The Wild Oats Project: One Woman's Midlife Quest for Passion at Any Cost by Robin Rinaldi

The Wild Oats Project: One Woman's Midlife Quest for Passion at Any Cost by Robin Rinaldi

Author:Robin Rinaldi [Rinaldi, Robin]
Language: eng
Format: epub, azw3
ISBN: 9780374710811
Publisher: Farrar, Straus and Giroux
Published: 2015-03-17T00:00:00+00:00


18

Orgasmic Meditation

I WALKED INTO ONETASTE for the weekly Wednesday night InGroup and immediately sensed a difference. The downstairs room, where everyone gathered beforehand, went lopsided, its locus tilted to a corner where a tall, long-haired woman sat talking with a few others. I recognized her as Nicole, the founder, and even though people scattered about the room, all eyes aimed in her direction like compass needles leaning north.

Eventually we came within each other’s orbit. It was hard not to stare. Her beauty was classic enough to surpass most women’s yet unique enough to warrant inspection. She was of Sicilian stock, lithe, olive-skinned, and almost golden-haired, dressed in expensive jeans, high heels, and a silky blue top.

“Nicole, this is Robin,” Noah said. They were friends from way back, before OneTaste.

She reached out a tapered hand, the ring finger adorned in a thin band of diamonds shaped like an X, and offered a hearty handshake. “Oh, I’ve heard a lot about you,” she said, beaming. Her strong Roman features sat slightly off-kilter, and she spoke with the tiniest hint of a lisp. These imperfections only added charm.
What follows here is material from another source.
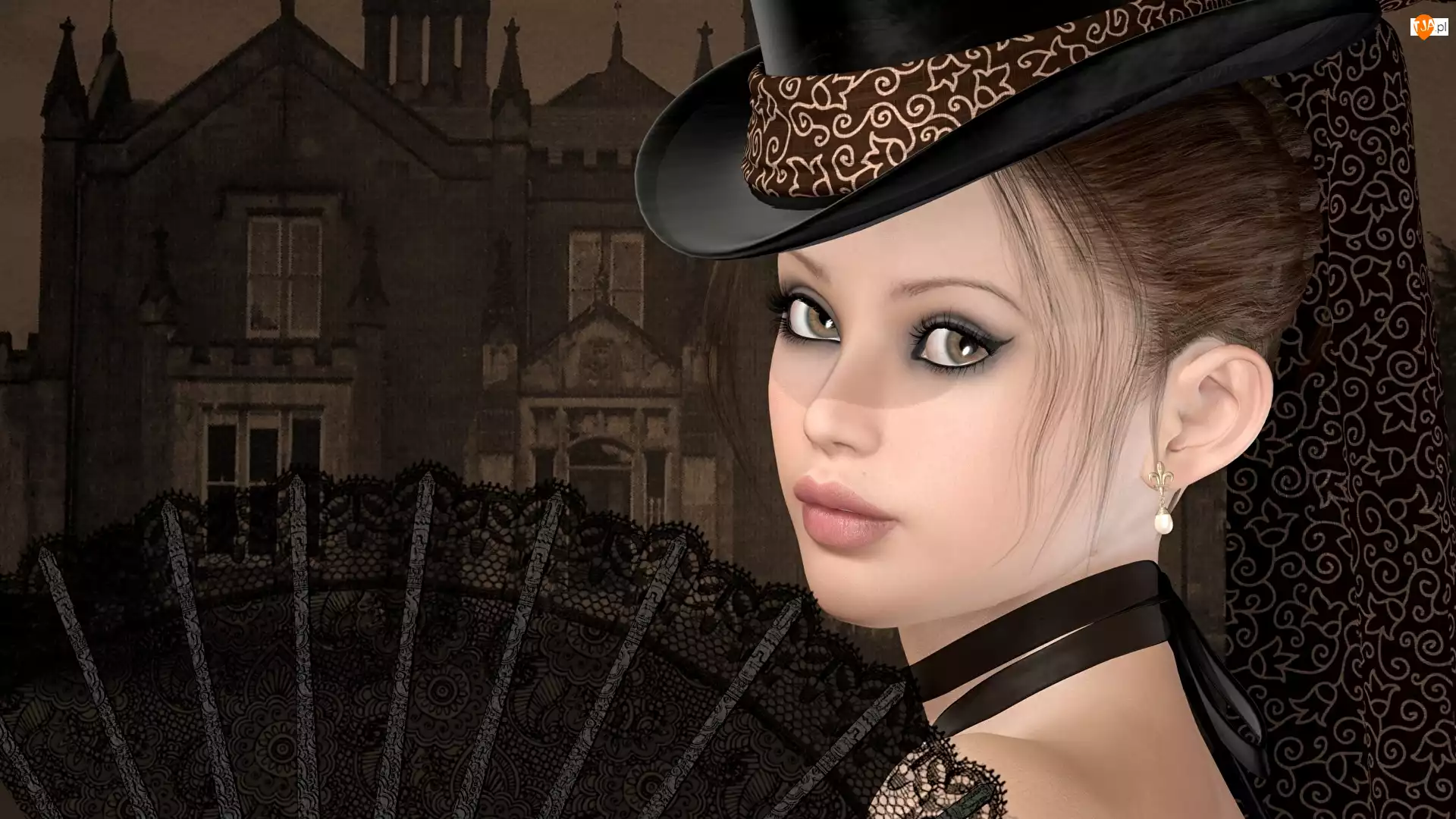 Wachlarz, Kobieta, Dom, 2D, Kapelusz, Grafika

“I’ve heard a lot about you, too,” I said. The few articles published about OneTaste painted a somewhat murky portrait of her past: She had studied semantics and Buddhism, been married and divorced, and suffered a kind of breakdown in her late twenties after the death of her father. All this brought her to the hands of octogenarian Ray Vetterlein, a holdover from the seventies sex-commune scene in California, who took her under his wing and taught her about orgasm.
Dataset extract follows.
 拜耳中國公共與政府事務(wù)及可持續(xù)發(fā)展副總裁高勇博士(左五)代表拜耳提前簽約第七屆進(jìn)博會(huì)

The remainder of what I knew I’d gathered piecemeal. I’d heard, for instance, she was currently on a macrobiotic diet, and noted that some others were trying it too. Several of the female instructors tended to dress like her. The group sessions she led were called darshans, the term traditionally used by Hindu gurus. Most strikingly, she had coined the highly specialized language used at OneTaste, which nearly everyone mimicked. Positive attention of any kind was an “upstroke,” negative attention a “downstroke,” and feelings of attachment were “limbic resonance.” She preached the long-neglected virtues of the mammalian limbic brain as opposed to the rational cerebral cortex. Whatever she posted on Facebook, OneTaste members echoed word for word, thought ripples on a lake.

I barely recall the rest of that first brief meeting, perhaps because I tried to just stand my ground and not give in to the general swoon. The only swoon I craved happened in the bedroom, far from the realm of language and the power of naming.
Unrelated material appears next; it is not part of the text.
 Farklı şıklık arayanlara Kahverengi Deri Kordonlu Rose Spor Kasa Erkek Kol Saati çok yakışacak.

After she left, I turned to Noah.

“She reminds me of someone historical,” I said. “I know, Helen of Troy. The face that launched a thousand ships.”

“I think of her more as Hector,” he said. “The warrior.”

*

Though I disliked the guru aura that surrounded Nicole, and the groupthink of OneTaste in general, neither worried me enough to quell my curiosity. My time in twelve-step groups had taught me to “take what you like and leave the rest.